What needs to be done — Take the lines from the one containing "Embrace a casual" through the end of the material and write them out exactly, omitting pictures.

** Opening Dataset content block **

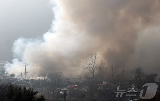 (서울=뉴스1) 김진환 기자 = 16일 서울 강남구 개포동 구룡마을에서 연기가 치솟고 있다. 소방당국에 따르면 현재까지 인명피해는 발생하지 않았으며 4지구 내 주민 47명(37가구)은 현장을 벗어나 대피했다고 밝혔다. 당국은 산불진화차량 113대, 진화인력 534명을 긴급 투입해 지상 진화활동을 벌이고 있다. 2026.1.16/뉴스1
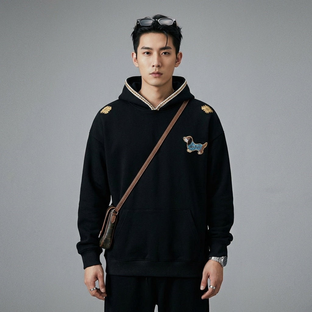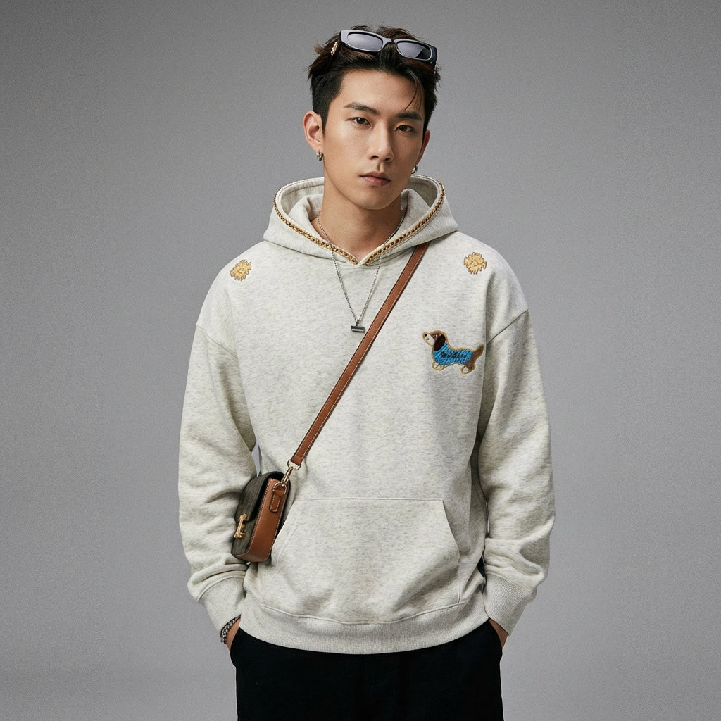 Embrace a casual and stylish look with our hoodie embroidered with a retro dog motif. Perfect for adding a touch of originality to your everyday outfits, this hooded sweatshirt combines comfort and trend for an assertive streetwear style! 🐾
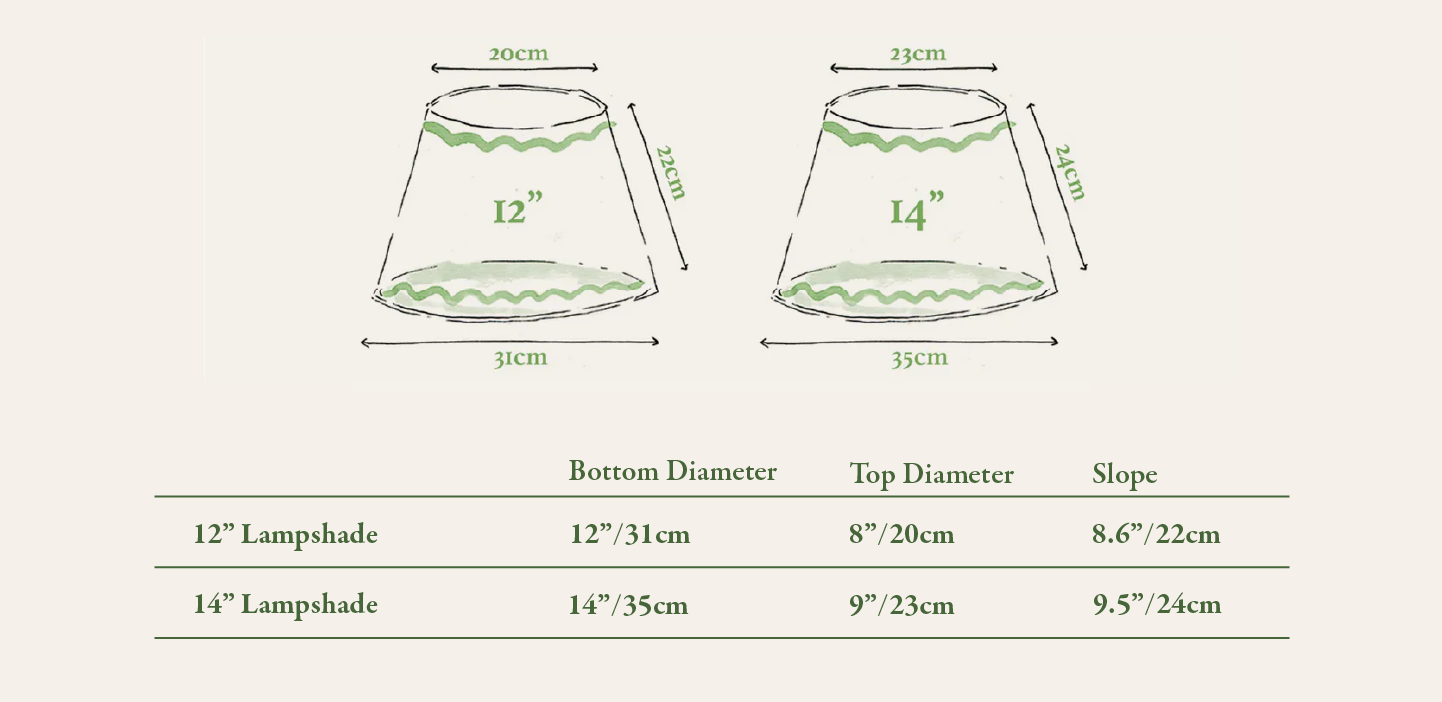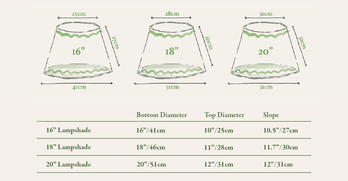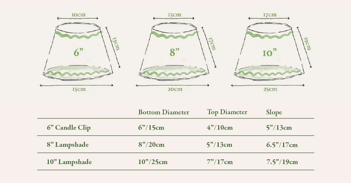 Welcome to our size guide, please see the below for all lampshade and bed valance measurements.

** Closing Dataset content block **

Result of the task —
 Embrace a casual and stylish look with our hoodie embroidered with a retro dog motif. Perfect for adding a touch of originality to your everyday outfits, this hooded sweatshirt combines comfort and trend for an assertive streetwear style! 🐾
 Welcome to our size guide, please see the below for all lampshade and bed valance measurements.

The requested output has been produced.